AIM OF THE EXERCISE →
Repeat the data that follows exactly, starting at the line with "聯(lián)歡會(huì)" and ending at the line with "Anello in argento", and leave out every picture.

---------- GIVEN INFORMATION

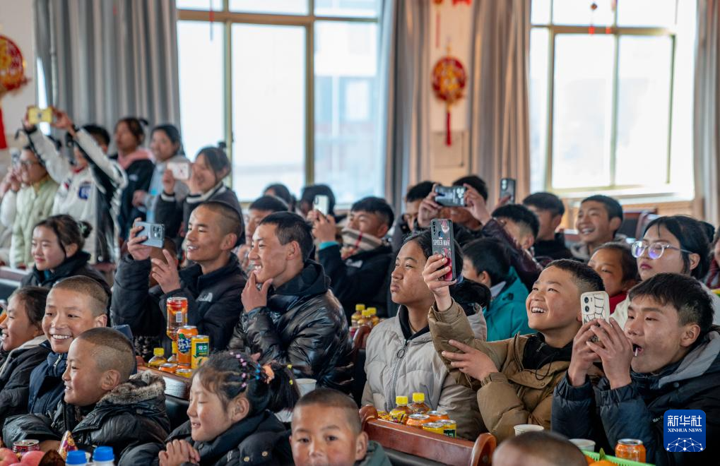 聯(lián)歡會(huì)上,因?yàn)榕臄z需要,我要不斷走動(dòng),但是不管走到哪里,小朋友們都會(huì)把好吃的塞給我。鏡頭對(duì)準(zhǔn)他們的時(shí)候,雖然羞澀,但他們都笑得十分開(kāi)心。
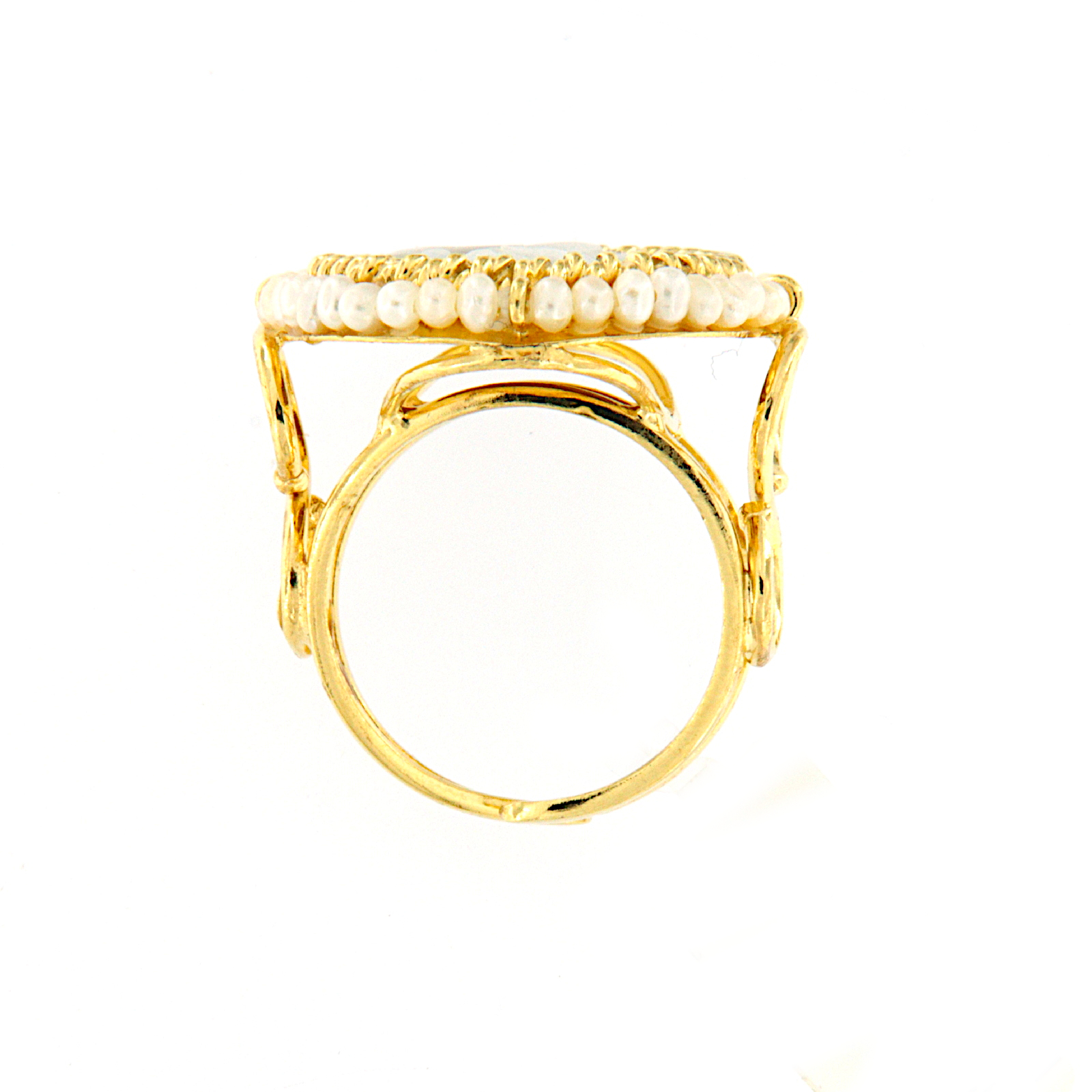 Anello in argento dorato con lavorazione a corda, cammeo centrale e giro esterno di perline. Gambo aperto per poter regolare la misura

--------------------
---------- GIVEN INFORMATION

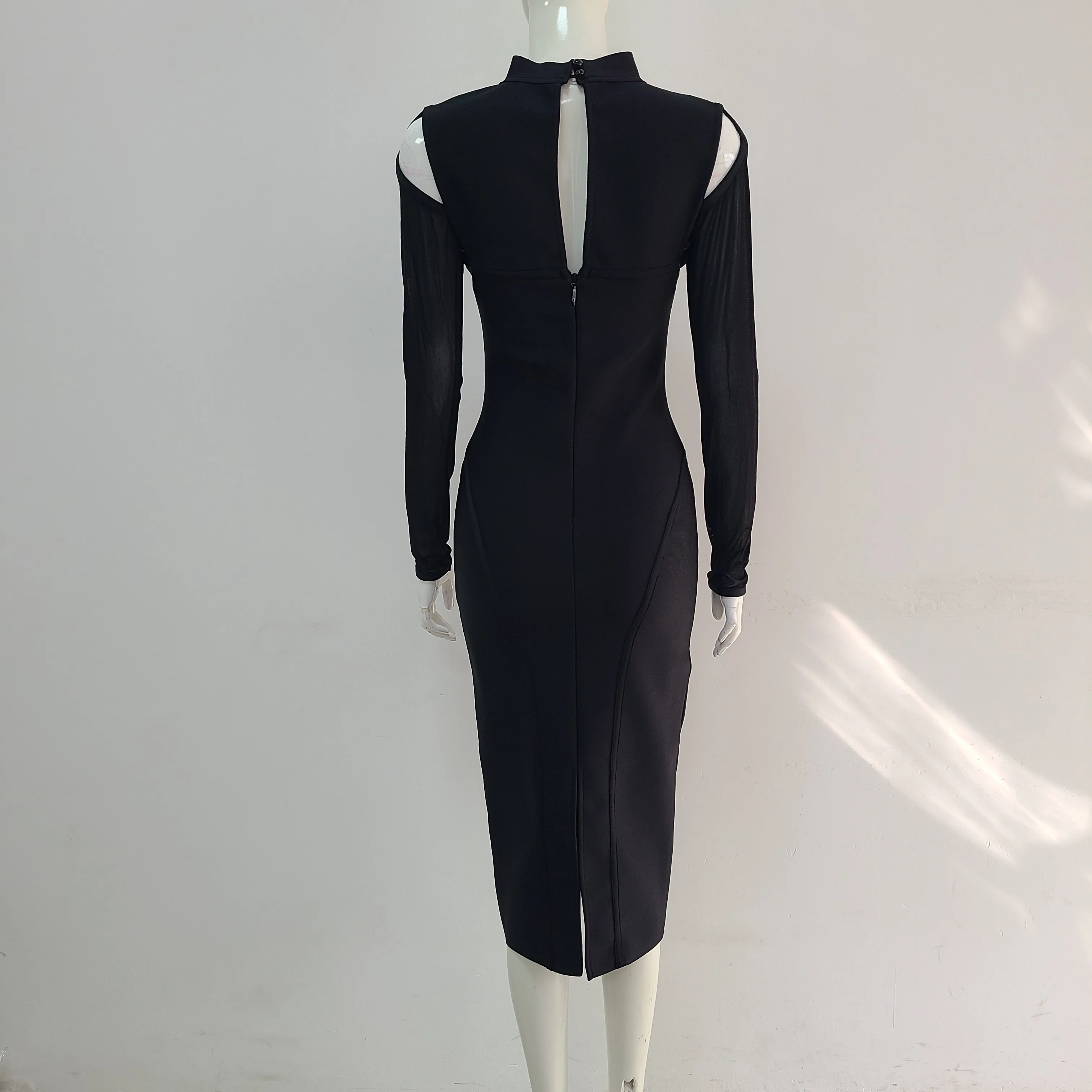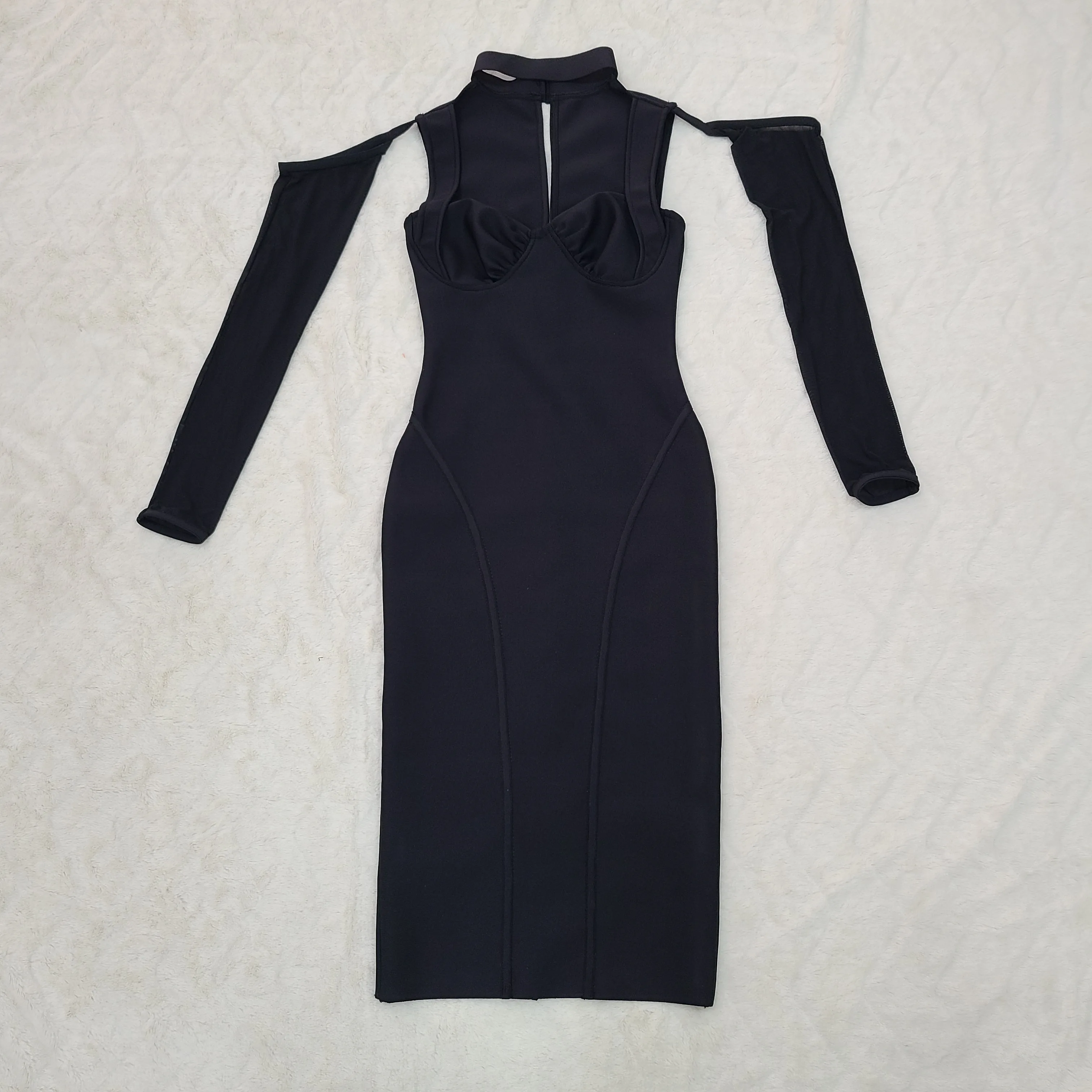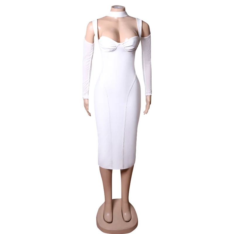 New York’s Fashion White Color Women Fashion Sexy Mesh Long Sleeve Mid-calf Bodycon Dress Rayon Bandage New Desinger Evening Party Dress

--------------------
---------- GIVEN INFORMATION

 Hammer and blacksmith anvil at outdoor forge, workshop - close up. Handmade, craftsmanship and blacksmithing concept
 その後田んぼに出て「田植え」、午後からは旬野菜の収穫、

--------------------

RESULT OF THIS TASK →
 聯(lián)歡會(huì)上,因?yàn)榕臄z需要,我要不斷走動(dòng),但是不管走到哪里,小朋友們都會(huì)把好吃的塞給我。鏡頭對(duì)準(zhǔn)他們的時(shí)候,雖然羞澀,但他們都笑得十分開(kāi)心。
 Anello in argento dorato con lavorazione a corda, cammeo centrale e giro esterno di perline. Gambo aperto per poter regolare la misura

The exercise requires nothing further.